**THE RECORDS:**

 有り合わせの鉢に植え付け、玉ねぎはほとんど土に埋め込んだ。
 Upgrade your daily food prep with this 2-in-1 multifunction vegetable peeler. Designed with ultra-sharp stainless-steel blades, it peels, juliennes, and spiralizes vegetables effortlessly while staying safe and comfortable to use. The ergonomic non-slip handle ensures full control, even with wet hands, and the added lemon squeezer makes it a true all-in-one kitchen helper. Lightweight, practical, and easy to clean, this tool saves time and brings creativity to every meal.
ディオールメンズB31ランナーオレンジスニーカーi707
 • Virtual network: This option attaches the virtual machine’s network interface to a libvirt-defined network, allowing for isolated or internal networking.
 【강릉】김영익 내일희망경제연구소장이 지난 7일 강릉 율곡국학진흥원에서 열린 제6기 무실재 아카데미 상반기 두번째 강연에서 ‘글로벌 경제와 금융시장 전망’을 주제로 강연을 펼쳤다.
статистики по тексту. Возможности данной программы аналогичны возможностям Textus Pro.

==

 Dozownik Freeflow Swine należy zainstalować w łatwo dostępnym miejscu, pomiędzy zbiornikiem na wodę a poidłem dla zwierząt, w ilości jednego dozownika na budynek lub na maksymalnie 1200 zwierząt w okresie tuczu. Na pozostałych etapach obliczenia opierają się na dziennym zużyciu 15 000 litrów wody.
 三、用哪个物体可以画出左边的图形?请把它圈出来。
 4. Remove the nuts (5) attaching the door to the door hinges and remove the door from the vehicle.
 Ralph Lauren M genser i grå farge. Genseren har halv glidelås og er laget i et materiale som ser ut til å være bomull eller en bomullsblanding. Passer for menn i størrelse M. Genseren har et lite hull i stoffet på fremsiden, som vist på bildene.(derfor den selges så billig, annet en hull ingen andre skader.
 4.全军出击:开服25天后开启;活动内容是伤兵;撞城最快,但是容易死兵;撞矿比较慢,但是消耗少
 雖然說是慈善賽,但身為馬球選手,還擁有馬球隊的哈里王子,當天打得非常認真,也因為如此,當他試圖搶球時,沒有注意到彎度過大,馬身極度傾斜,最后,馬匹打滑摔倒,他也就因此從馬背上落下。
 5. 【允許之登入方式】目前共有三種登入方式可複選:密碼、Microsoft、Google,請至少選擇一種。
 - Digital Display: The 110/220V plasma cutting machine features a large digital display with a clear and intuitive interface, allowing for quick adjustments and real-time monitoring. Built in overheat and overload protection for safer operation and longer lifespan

**DIRECTIONS FOR THIS TASK:**
Only the number is needed here: how many lines of the records contain "with"?

**ANSWER TO THIS PROBLEM:**
2